Crypto liquidations crossed $1 billion over the past 24 hours, wiping out about $980 million million in bullish leveraged bets as the slide forced traders to close positions they could not keep funded.

Price fell under $70,000 earlier in the day, with liquidity heatmaps pointing to further downside.

Liquidity thins out quickly until just under $70,000, per Coinglass data, where another smaller cluster appears. That makes $70,000 a mechanically important level. If price pushes cleanly through it, there’s less forced buying from liquidations to slow the move, raising the risk of a faster flush toward the high $60,000s.

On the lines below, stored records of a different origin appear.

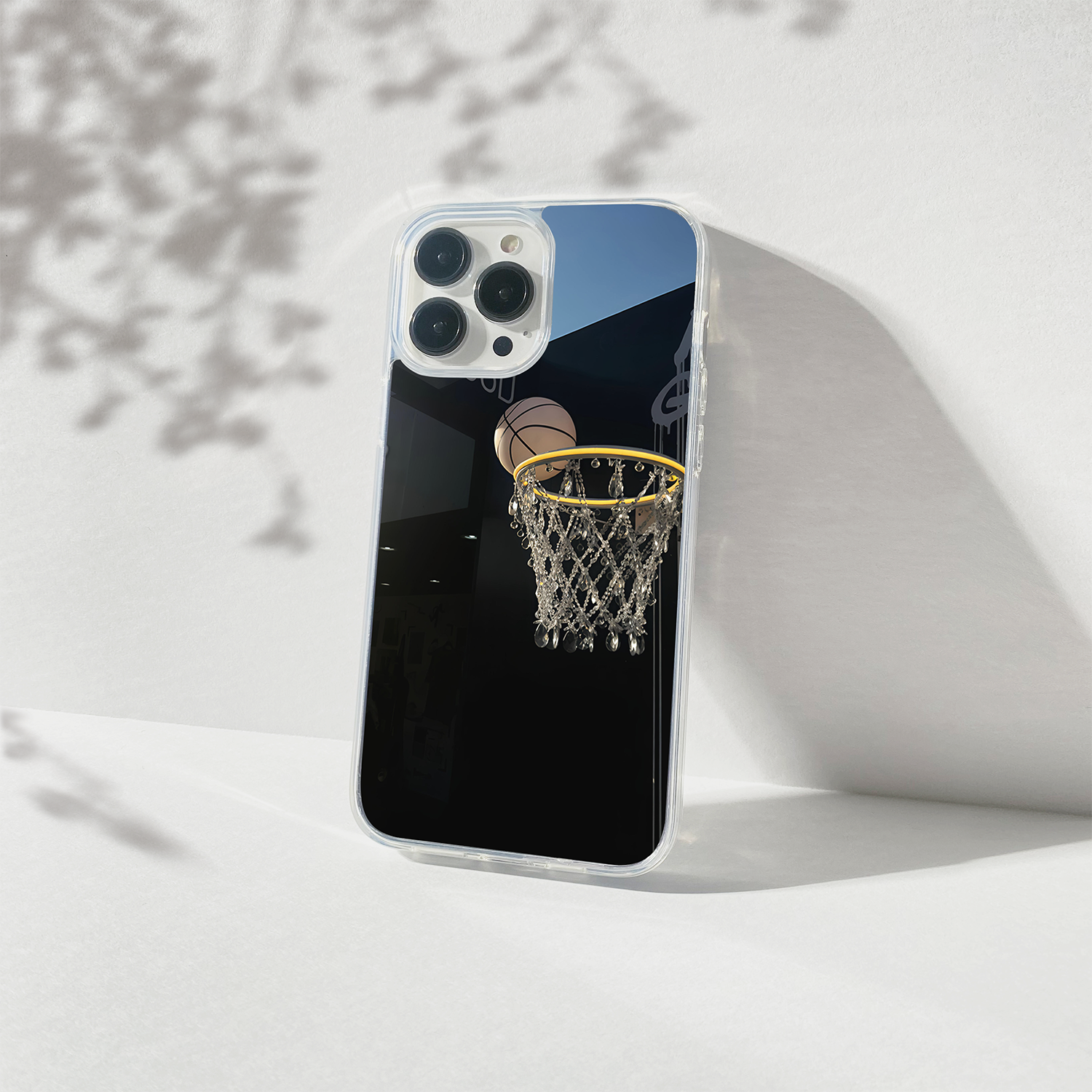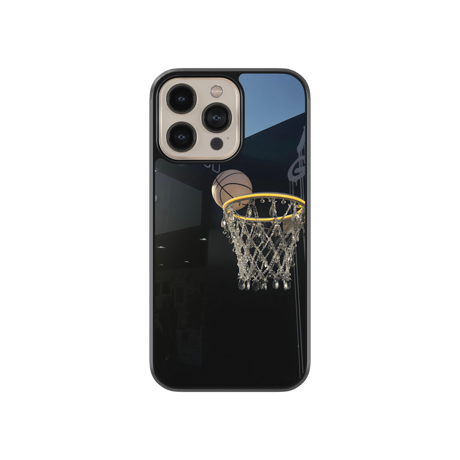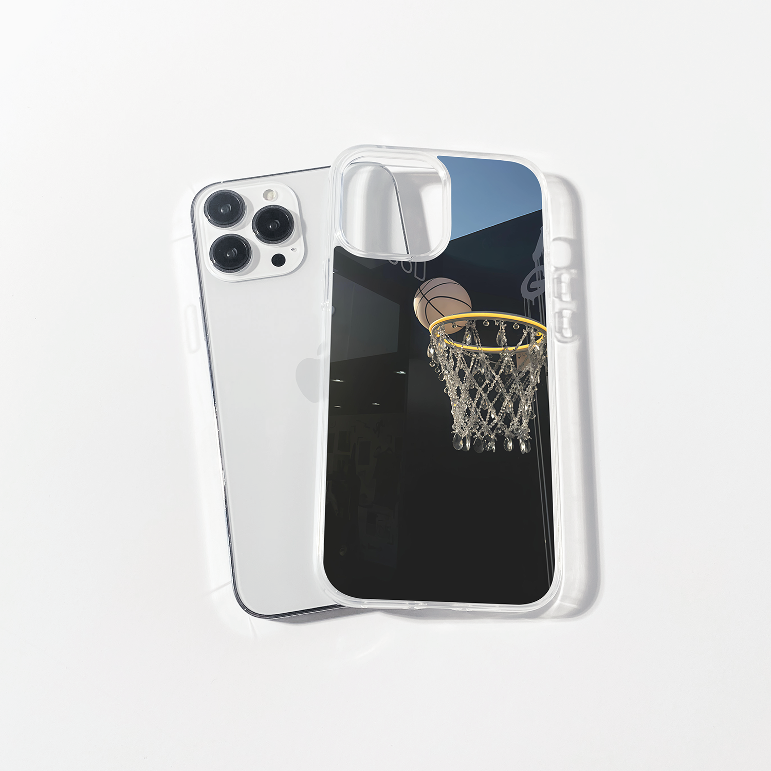 Elevate your phone with this bold case featuring a basketball mid-air against a sparkling crystal-encrusted hoop on a sleek black backdrop. The sporty yet glamorous design combines athletic flair with luxury, perfect for someone who loves unique, eye-catching contrasts. Get yours now!
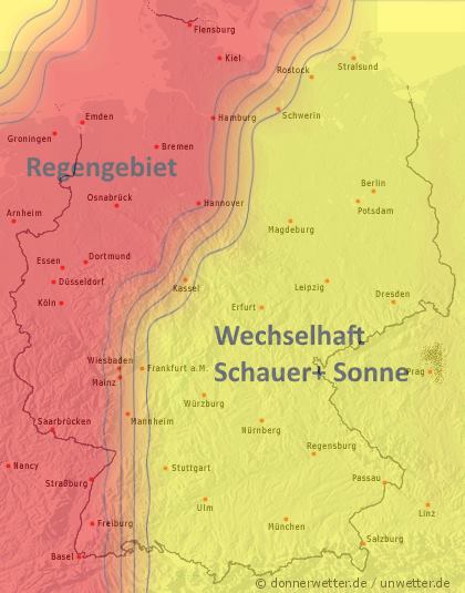 Unsere Karte zeigt die Niederschlags- / Sonnenverteilung am morgigen Samstag:
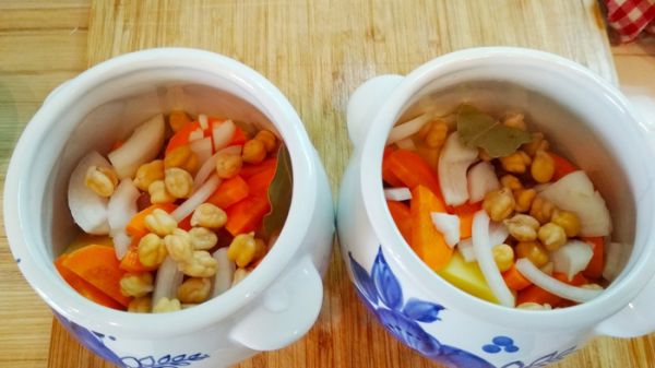В горшочки уложить слоями мясо, картофель, морковь, нут. Добавить лавровый лист и лук. Количество жидкости и продуктов кладете на свой вкус. Мне хотелось создать нечто, вроде густого супчика.

A liquidation heatmap is a map of where leveraged traders are most likely to get forced out. Bright bands mark price levels with lots of estimated liquidation points, which can act like short term magnets for price moves. Traders use it to spot crowded zones and likely volatility pockets, not exact turning points.
Silver’s renewed plunge and broader deleveraging across macro trades have added to risk-off positioning, with crypto increasingly trading as part of the same liquidity-driven complex.

Meanwhile, prediction markets are also signaling a shift in sentiment. On Polymarket, contracts tied to bitcoin’s 2026 price outcomes now skew toward lower levels, with traders assigning the highest probability to prices at or below $65,000.

Odds for deeper drawdowns into the mid-$50,000 range have climbed in recent days, while expectations for six-figure prices have faded sharply from January highs.

Flows data points to similar caution. US-listed spot bitcoin ETFs have logged net outflows this week, while activity in perpetual futures has thinned as leverage is reduced.

Some market participants still view the $68,000 to $70,000 zone as a key technical area, citing heavy prior trading activity and long-term holder cost bases clustered nearby.

A sustained break below that range could open the door to a deeper consolidation phase, echoing prior post-rally drawdowns.